NOTE: ** I like to use mixture of peanut butter and milk chocolate chips.
These are some of my favorite go to danish for a holiday morning. They can be made ahead and served room temperature or warmed up with a dot of butter for decadence.
ALMOND WALNUT DANISH
1 cup butter
1 cup milk
1 1/2 cups warm water
1 cup sugar
2 teaspoon salt
1/2 teaspoon cinnamon
2 tablespoons yeast
4 eggs, beaten
7 1/2 cups flour
1/2 cup + walnut crumbles
- In a saucepan melt butter.
- Add milk and water whisking until smooth consistency and JUST boiling.
- Cool 5-10 minutes so you don’t kill the yeast.
- Add the sugar, salt and yeast to form a sponge like blob.
- Add the eggs until uniform consistency.
- In a mixer with a dough hook attached, combine flour and yeast mixture.
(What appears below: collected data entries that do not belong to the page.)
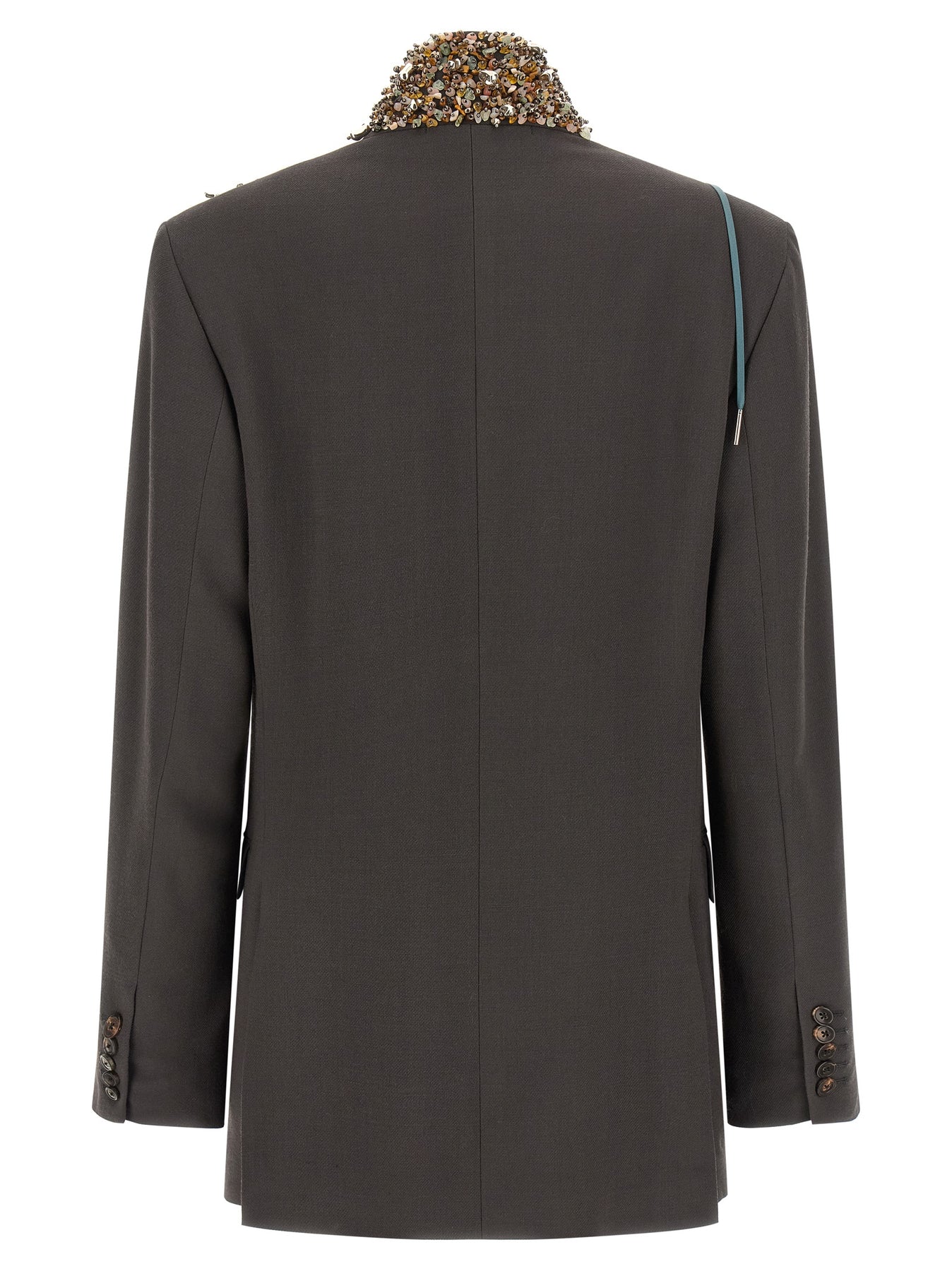 'Befya' double-breasted wool blazer with front button closure, collar and front part with crystal sequins and metal electroformed form elements, flap pockets, padded shoulder, long sleeves, back slits, viscose lining.
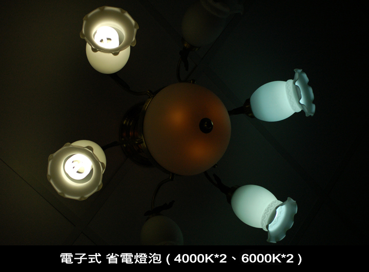 ▲ 臻光彩LED燈泡4000K*2顆、2700K*2顆後(消耗功率10W*4=10W),耗費的電力不到電子式省電燈泡的一半。
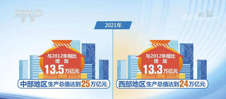 2021年,中部和西部地区生产总值分别达到25万亿元、24万亿元,与2012年相比增加13.5万亿元、13.3万亿元,占全国的比重由2012年的21.3%、19.6%提高到2021年的22%、21.1%。中西部地区经济增速连续多年高于东部地区。东部与中西部人均地区生产总值比分别从2012年的1.69、1.87下降至2021年的1.53、1.68,东西差距持续缩小,区域发展的协调性逐步增强。
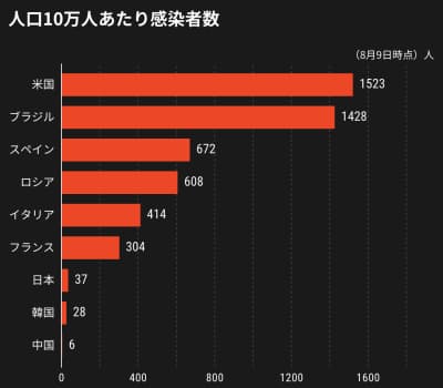 【人口10万人あたり感染者数】人口10万人あたりの感染者数を見てみる。8月9日時点で米国は1523人で、66人に1人が感染した計算になる。ブラジルの上昇ペースも速く、1400人を超えた。日本は37人で、韓国を上回る。
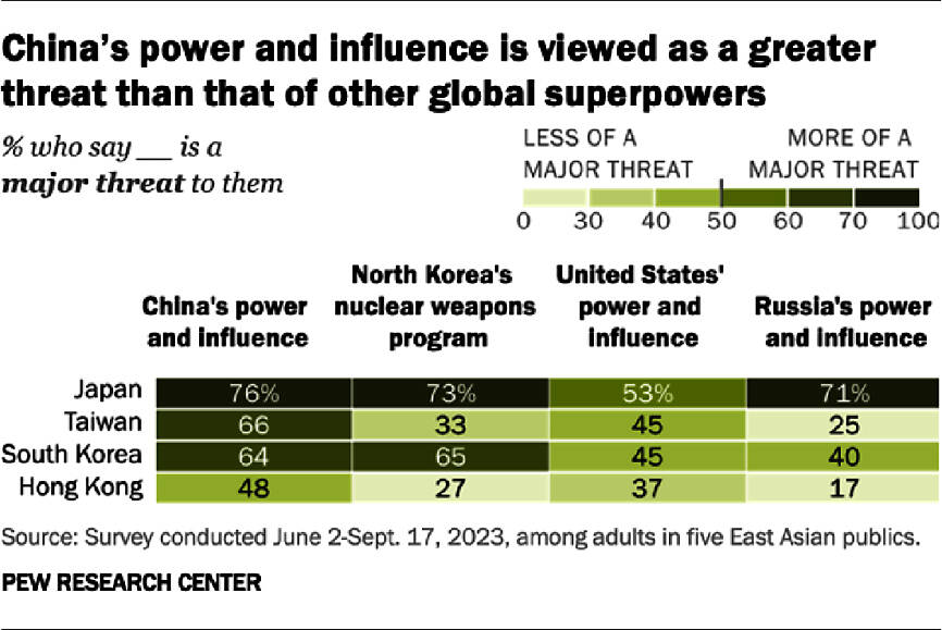 Japanese respondents showed the most concern over China, with 76 percent calling it a “major threat” compared with 66 percent in Taiwan and 64 percent in South Korea, it said.
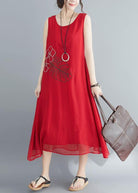 Questo abito rosso smanicato, con delicata stampa floreale, è ideale per un look fresco, femminile e senza tempo.
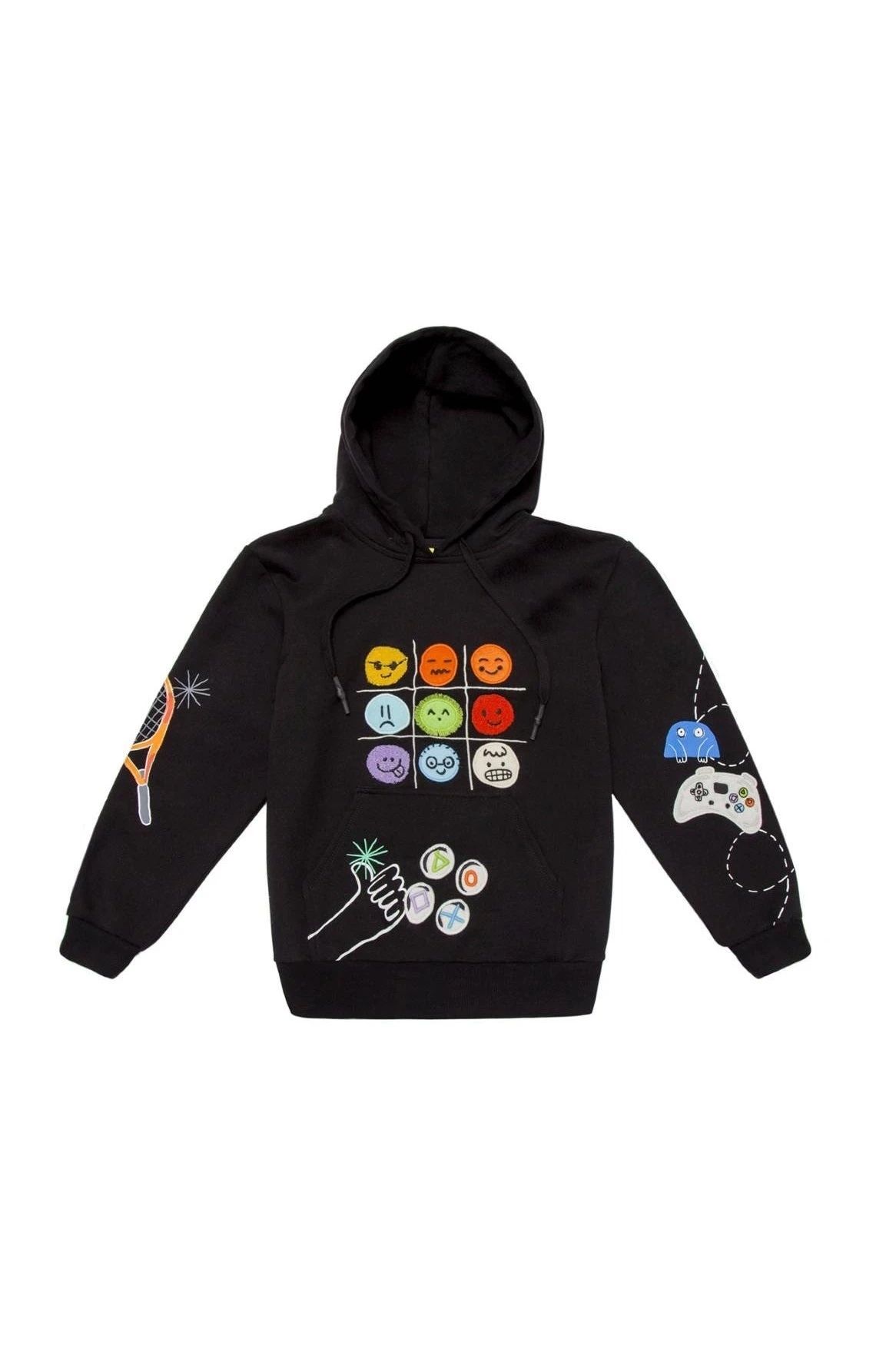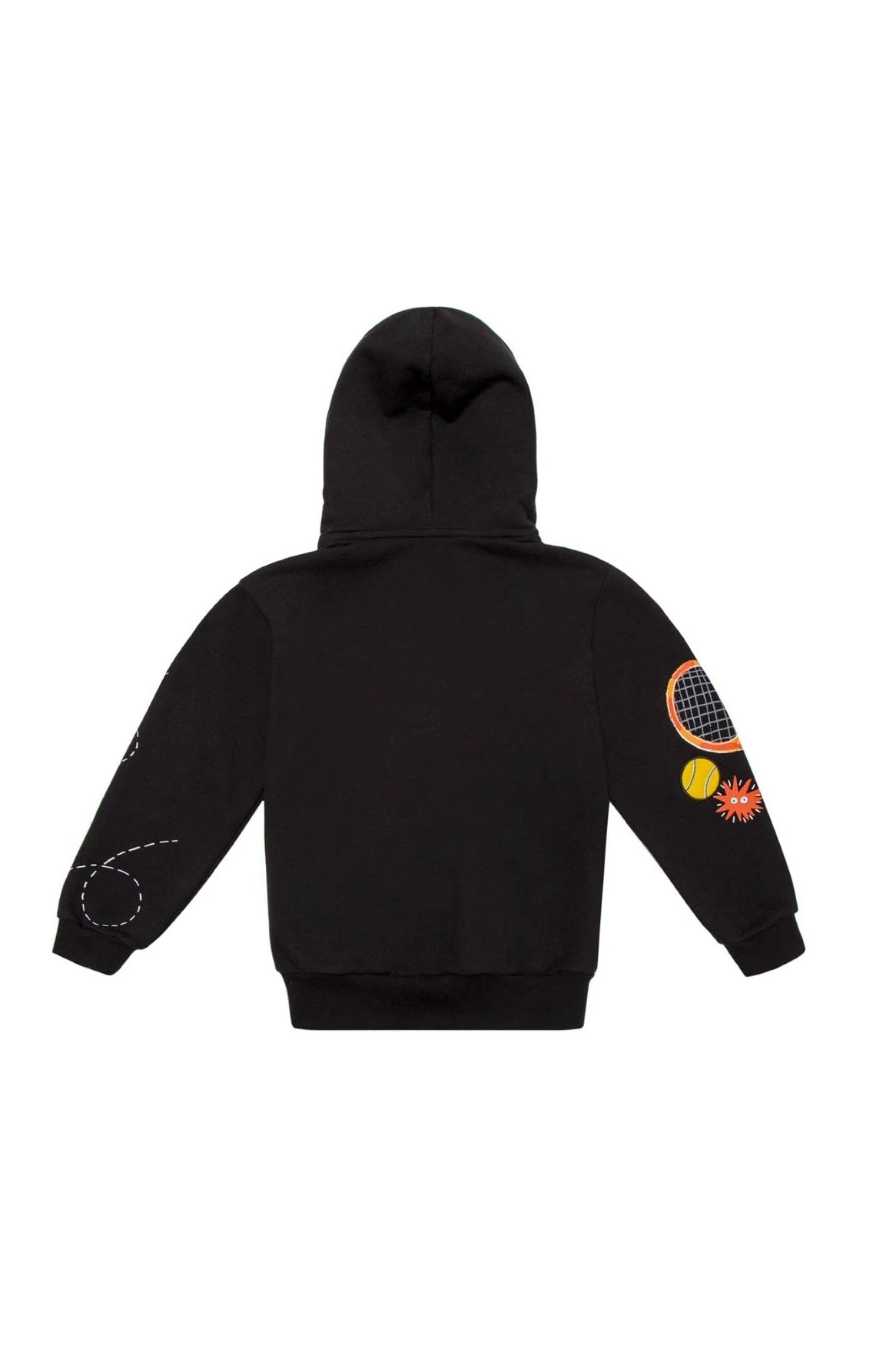 Our oversized, long-sleeved hoodie is adorned with print brand motifs. The hoodie front ties provide adjustability and comfort, while the front pocket adds functionality wherever your child goes, making it a delightful addition to their wardrobe.
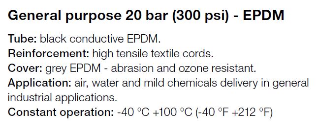 | Buitenwand slang | Grijs, EPDM, slijtvast en ozonbestendig |
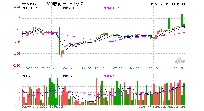 7月15日,截止午间收盘,800增强ETF(159517)跌0.09%,报1.113元,成交额803.08万元。800增强ETF(159517)重仓股方面,贵州茅台截止午盘跌0.96%,中国平安跌0.82%,宁德时代跌0.91%,工商银行跌0.64%,紫金矿业跌1.05%,京东方A跌1.98%,美的集团跌0.31%,长江电力跌0.72%,潍柴动力跌0.78%,交通银行跌0.61%。
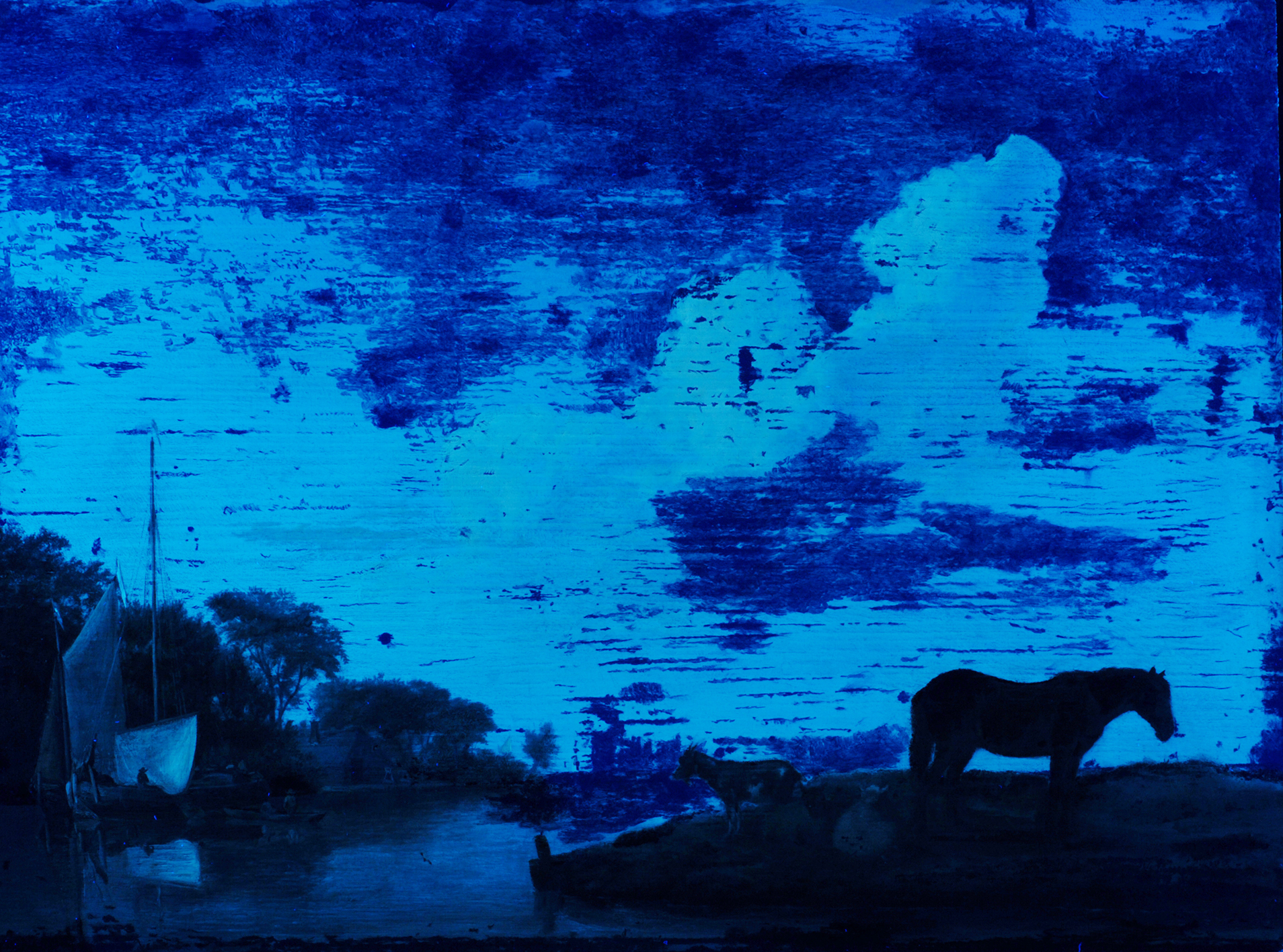 In der blau erscheinenden UV-Aufnahme erschließen sich die an der Tafel notwendig gewordenen Retuschen als dunkle Flächen und Linien.
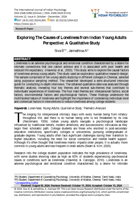 B., Siva & A., Jaimathisa (2024). Exploring the Causes of Loneliness from Indian Young Adults Perspective: A Qualitative Study. International Journal of Indian Psychology. 12(4), 210-217.

- Knead well. Put in refrigerator for at least several hours, but overnight is better.
- Preheat oven to 375 degrees.
- Roll a ball of dough the size of a golf ball into a rope and coil into a circle. Make sure the center is thinner than the outer edges to hold the filling in. Sometimes I prefer squares, but you just have to work with your dough after you have it coiled.
- Fill with a heaping tablespoon of filling per danish (recipe below).
- Let rise an hour in a warm place.
- Bake 15 minutes.
- Frost with drizzle.
1 cup powdered sugar
2 teaspoons grated orange peel
1 teaspoon almond extract
2 tablespoons milk
1 tablespoons butter, melted
- Whisk together butter, milk, almond extract and orange peel until well blended.
- Gradually add powdered sugar, mixing until desired consistency.
- Drizzle all over danish, sprinkling with walnuts.